What you return should be only the lines in the entries below between the one holding "Ist das so richtig?" and the one holding "Säljer en stilren", ends included, with every picture left out.

___ DATA PROVIDED ___

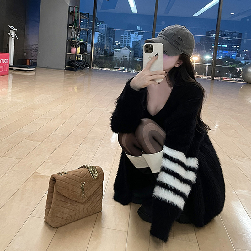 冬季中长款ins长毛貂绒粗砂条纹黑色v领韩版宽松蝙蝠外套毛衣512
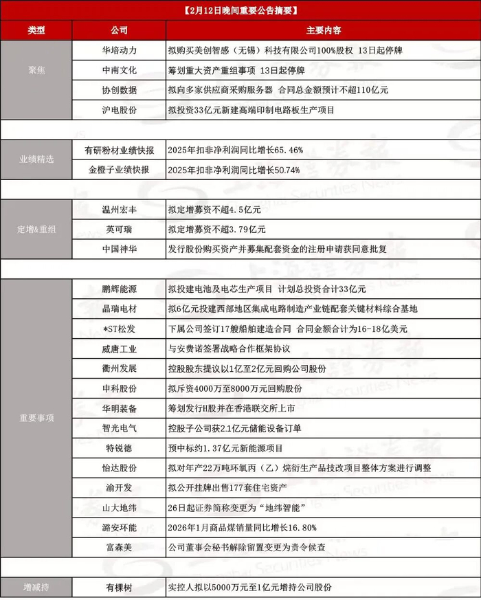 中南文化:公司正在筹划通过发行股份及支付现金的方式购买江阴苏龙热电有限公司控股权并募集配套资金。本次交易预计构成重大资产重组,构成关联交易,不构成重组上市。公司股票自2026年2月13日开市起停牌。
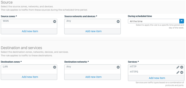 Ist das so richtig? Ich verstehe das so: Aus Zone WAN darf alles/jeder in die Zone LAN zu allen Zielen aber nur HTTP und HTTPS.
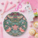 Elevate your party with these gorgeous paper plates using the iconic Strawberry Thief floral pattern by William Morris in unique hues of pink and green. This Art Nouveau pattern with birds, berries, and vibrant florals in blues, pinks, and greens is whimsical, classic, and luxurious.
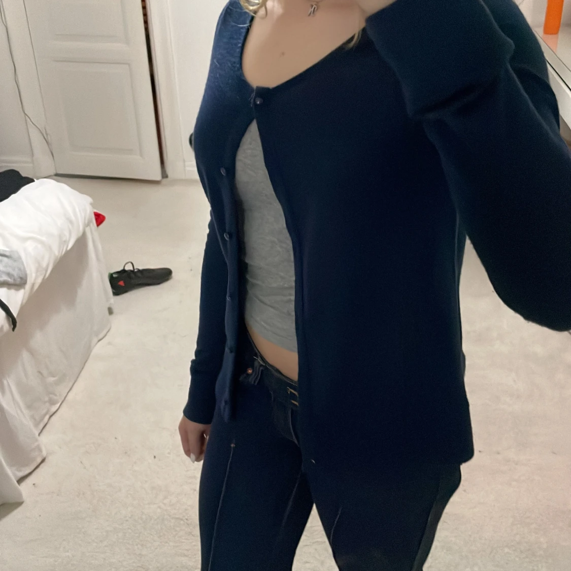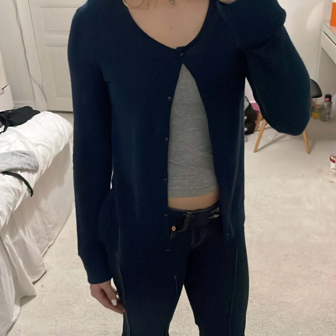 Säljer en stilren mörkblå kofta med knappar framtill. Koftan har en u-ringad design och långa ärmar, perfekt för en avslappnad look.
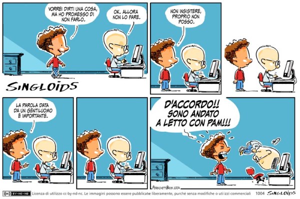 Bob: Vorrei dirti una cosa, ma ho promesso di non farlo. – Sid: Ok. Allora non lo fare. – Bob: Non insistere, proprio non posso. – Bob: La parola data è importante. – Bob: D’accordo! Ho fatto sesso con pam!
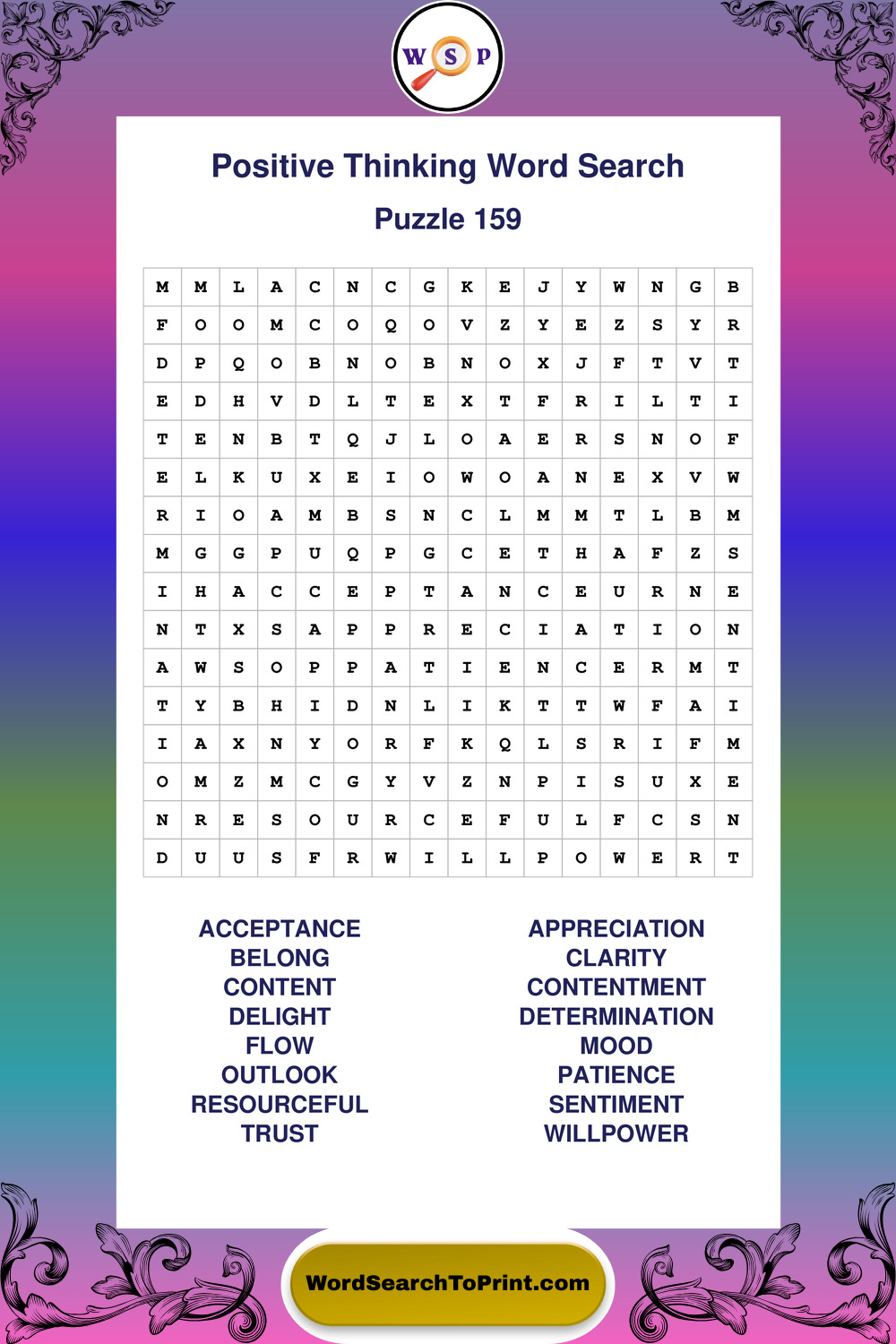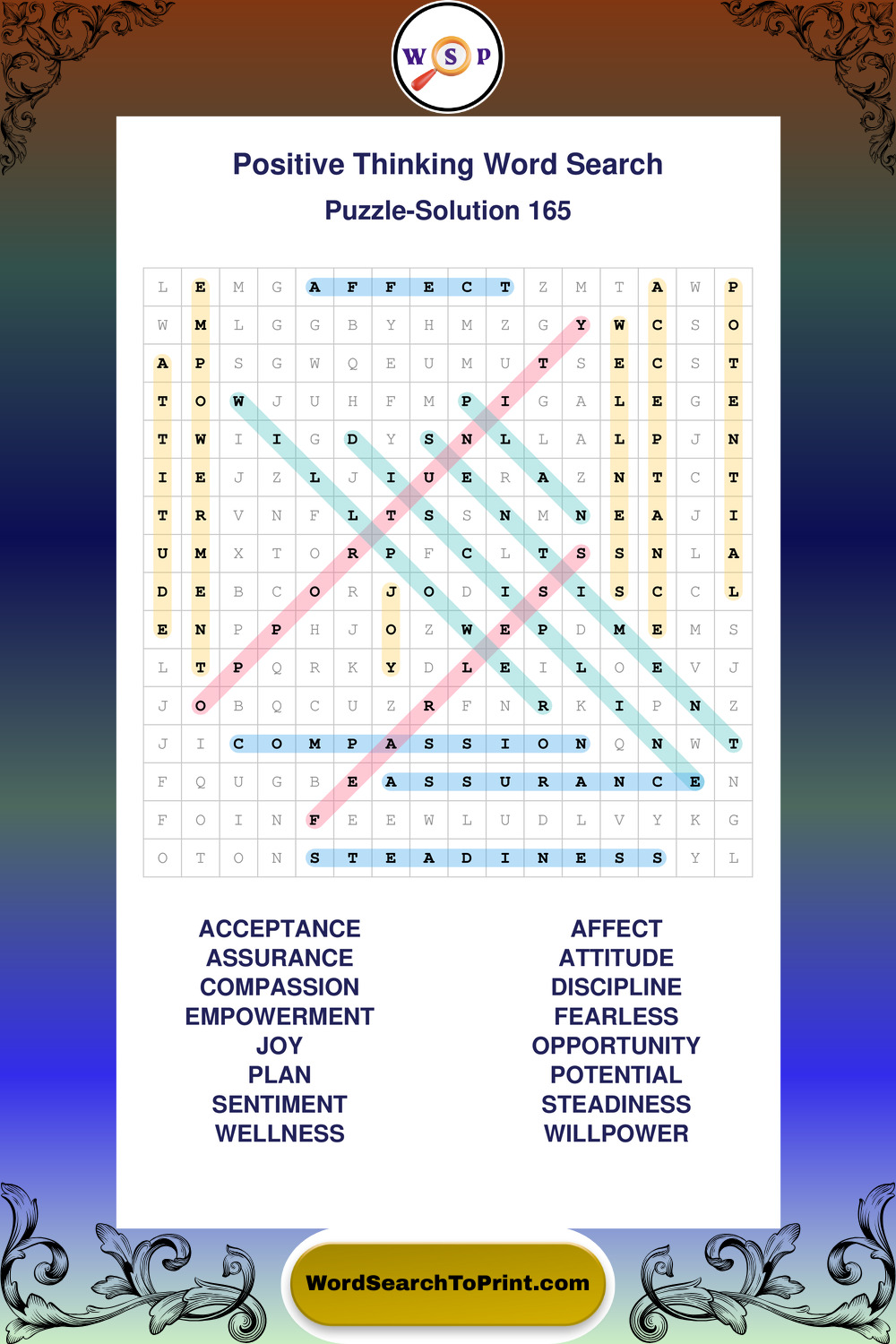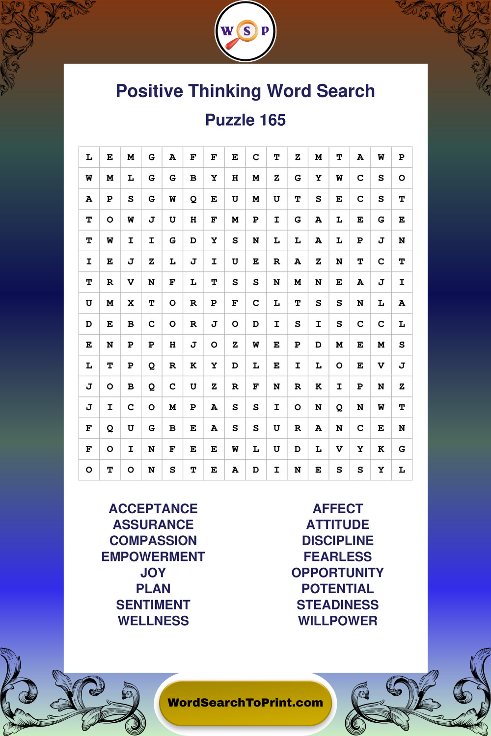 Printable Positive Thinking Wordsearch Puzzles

___
___ DATA PROVIDED ___

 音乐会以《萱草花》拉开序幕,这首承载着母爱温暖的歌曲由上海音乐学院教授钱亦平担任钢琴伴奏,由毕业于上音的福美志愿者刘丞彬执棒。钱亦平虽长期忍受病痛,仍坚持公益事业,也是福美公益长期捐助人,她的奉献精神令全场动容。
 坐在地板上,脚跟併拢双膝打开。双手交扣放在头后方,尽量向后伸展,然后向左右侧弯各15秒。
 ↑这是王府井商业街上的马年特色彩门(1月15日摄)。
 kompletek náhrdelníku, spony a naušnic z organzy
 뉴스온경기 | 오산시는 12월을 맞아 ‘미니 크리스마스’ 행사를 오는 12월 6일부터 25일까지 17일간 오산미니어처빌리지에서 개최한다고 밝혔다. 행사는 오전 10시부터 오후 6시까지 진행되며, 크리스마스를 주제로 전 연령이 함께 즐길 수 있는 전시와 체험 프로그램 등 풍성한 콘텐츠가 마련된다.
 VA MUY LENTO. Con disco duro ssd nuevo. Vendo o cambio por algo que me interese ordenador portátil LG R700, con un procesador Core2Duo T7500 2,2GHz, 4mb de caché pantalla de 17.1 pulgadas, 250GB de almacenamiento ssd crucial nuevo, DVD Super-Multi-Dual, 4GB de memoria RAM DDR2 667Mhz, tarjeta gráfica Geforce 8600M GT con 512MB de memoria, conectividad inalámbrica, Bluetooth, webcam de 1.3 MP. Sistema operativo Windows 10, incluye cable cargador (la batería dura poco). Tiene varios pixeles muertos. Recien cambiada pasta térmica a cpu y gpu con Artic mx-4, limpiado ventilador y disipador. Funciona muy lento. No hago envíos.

___
___ DATA PROVIDED ___

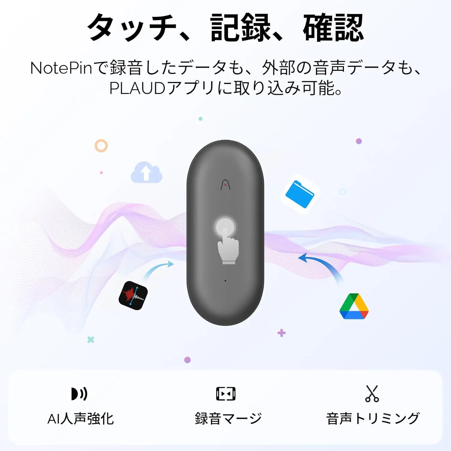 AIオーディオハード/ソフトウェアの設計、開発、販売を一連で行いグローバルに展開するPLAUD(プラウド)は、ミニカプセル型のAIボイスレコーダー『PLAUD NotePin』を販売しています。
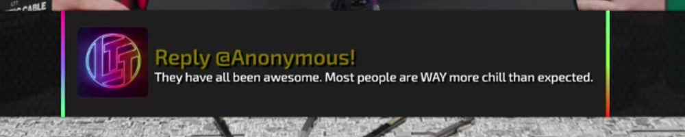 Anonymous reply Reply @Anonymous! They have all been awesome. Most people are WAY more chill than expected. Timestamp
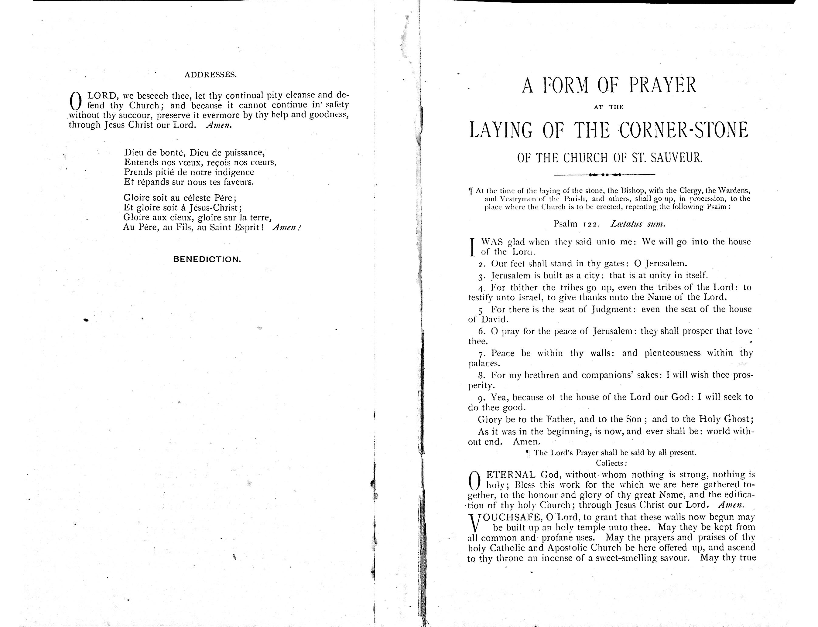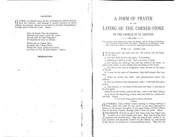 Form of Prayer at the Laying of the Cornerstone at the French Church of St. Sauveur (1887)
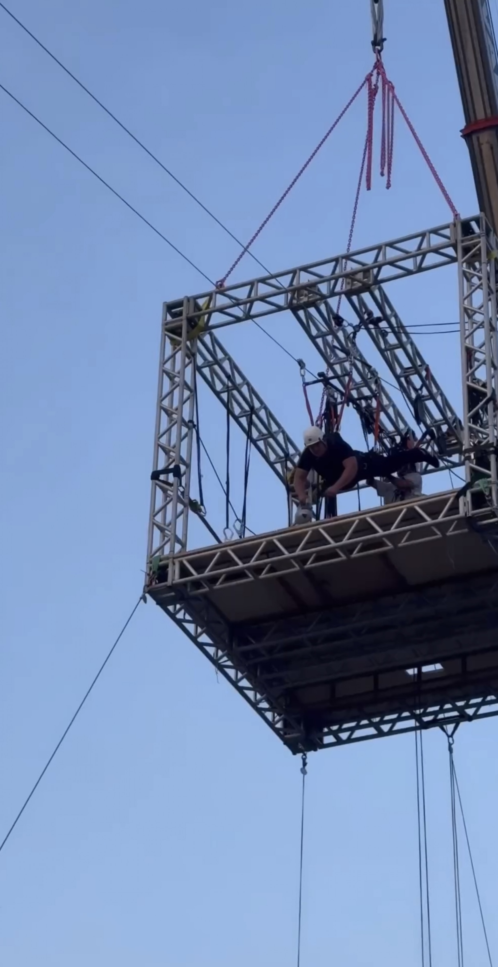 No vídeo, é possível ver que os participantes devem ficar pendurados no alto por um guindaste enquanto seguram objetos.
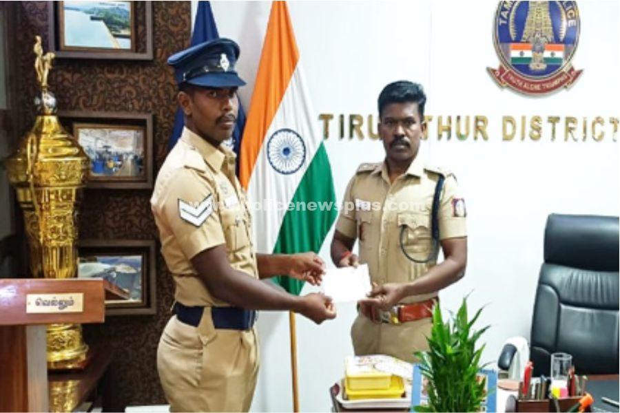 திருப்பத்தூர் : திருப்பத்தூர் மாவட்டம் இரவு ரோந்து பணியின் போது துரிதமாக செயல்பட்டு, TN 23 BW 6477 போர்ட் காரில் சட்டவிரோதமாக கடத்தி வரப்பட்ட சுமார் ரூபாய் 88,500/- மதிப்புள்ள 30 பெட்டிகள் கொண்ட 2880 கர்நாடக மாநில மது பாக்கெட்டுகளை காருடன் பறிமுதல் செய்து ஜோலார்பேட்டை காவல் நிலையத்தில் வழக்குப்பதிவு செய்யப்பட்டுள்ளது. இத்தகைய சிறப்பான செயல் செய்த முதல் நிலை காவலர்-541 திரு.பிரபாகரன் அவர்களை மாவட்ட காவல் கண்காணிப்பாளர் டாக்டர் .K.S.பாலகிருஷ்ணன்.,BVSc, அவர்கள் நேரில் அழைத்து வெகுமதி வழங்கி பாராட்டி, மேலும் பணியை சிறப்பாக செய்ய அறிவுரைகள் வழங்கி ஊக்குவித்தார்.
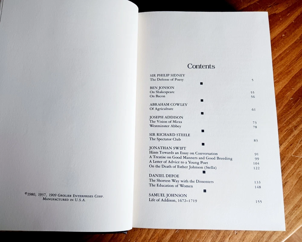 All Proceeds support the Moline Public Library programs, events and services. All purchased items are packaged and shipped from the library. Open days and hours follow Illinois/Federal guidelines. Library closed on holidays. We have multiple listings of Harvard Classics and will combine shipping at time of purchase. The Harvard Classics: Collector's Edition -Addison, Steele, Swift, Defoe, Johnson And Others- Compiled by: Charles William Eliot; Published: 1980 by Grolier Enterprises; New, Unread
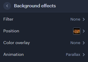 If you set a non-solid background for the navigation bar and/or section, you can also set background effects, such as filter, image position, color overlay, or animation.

___

▶ _WRITTEN REPLY_
 Ist das so richtig? Ich verstehe das so: Aus Zone WAN darf alles/jeder in die Zone LAN zu allen Zielen aber nur HTTP und HTTPS.
 Elevate your party with these gorgeous paper plates using the iconic Strawberry Thief floral pattern by William Morris in unique hues of pink and green. This Art Nouveau pattern with birds, berries, and vibrant florals in blues, pinks, and greens is whimsical, classic, and luxurious.
 Säljer en stilren mörkblå kofta med knappar framtill. Koftan har en u-ringad design och långa ärmar, perfekt för en avslappnad look.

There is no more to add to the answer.